I've been honest in my year with them. Everything I've done has been done through my love for them; they know that.

“No, I'll have to tell them, that's all there is to it. They're my children, and I want them, and if they're hurt, they'll get over it. Children are resilient; they bounce right back. Anyway, I don't believe they're really completely happy; they must know, deep down, that something isn't the way it ought to be. When they—”

“They are happy,” Sabrina said sharply, unable once again to hold back the words. “They've had a wonderful year. They've been happy and loving and loved. They haven't felt anything was missing-—” Not fair, she thought. She had no right to claim her sister's children just because they had had a good year.

“I don't believe that,” Stephanie said firmly. “They must have a feeling, even if they don't understand it, that something is wrong. And when they know I'm their real mother they'll be happy because things will seem right again and they'll want to be with me and no one else.”

The waiter came with raised eyebrows, and when Sabrina nodded, he removed their full plates. “It was not good, madame?” he asked each of them.


C'était excellent. Malheureusement nous étions distraites.


Nous reviendrons
,” Stephanie said. She looked at Sabrina, her eyes bewildered. “It feels so natural to speak French, but it feels right to speak English, too. It's as if I'm always caught somewhere between two people, whatever I do. Whatever I decide.”

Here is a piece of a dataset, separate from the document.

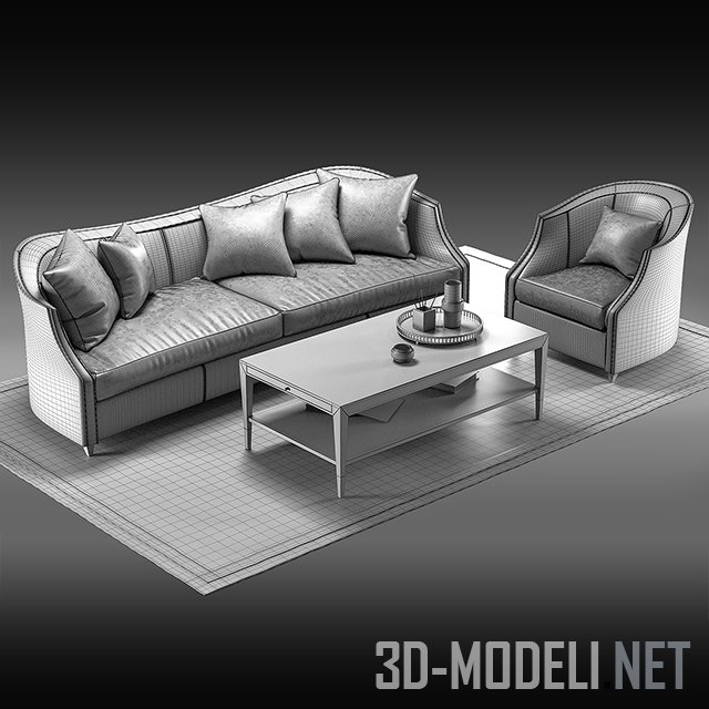 Комплект элегантной мягкой мебели для гостиной от фабрики CARACOLE. В наборе диван UPH SOFFUL 49A (его размеры 258 x 109 x 83H см), из той же серии кресло UPH CHALOU 80A (размеры кресла 81 x 91 x 84H см), журнальный стол TRA COCTAB 014 (137 x 76 x 46H см) и неброский ковер.

Outside, in the mild evening, they retraced their steps back to L'Hôtel. Stephanie walked past the fine antiques furnishing the sitting room of their suite, past a table with fruit and a bottle of champagne sent by the manager, to the terrace, filled with late autumn flowers. She leaned against the low wall, gazing at the steeple of the church of Saint-Germain-des-Prés. “It's terrible, what we're doing,” she murmured. “I hate it, I hate it, but I don't know what else to do.”

Sabrina was in the doorway behind her. “What do you hate?”

“Hurting you.” She did not turn around. “You knew that's what I meant; you always know what I mean. I hate hurting you. But wouldn't it be enough if you kept Garth and I took Penny and Cliff?” She heard Sabrina's sharp intake of breath and she swung around. “I'm sorry, oh, God, Sabrina, I'm sorry, I don't know what's wrong with me, I sound like a vendor haggling in the market. It's just that I feel so trapped . . . that there's no good way to untangle what we've done . . . and I love you and I know you love me and I need you—we've always needed each other; we've always been closer to each other than anybody, anywhere—but still . . .”

“Still we're further apart than we've ever been.”

“Yes.”

The width of the terrace stretched between them. Sabrina's arms came up and Stephanie leaned forward, as if to move into her embrace. But at the same moment, Sabrina's arms fell to her sides and Stephanie leaned back against the wall. The terrace seemed to widen between them. They looked at each other in the faint light, identical
faces, beloved faces, separated by all that they themselves had set in motion. Around them, the scent of chrysanthemums and stock seemed painfully sharp; the distant sounds of traffic suddenly rose to a clamor.

“I'm going to bed,” Stephanie said and, in a flurry of movement, crossed the terrace, passed Sabrina in the doorway, and disappeared into the bedroom. Sabrina stood where she was, watching the church steeple fade as the lights of the city went out one by one. It was very late; the hotel slumbered. On the street below, a dog barked, a man said good night to friends, a pair of motorcyclists revved their engines and roared off into the distance. In the silence that followed, as clearly as if they were beside her, she heard her children's laughter and the clatter of their feet as they dashed about the house. She closed her eyes. I won't give them up. I won't give them up. I won't give them up.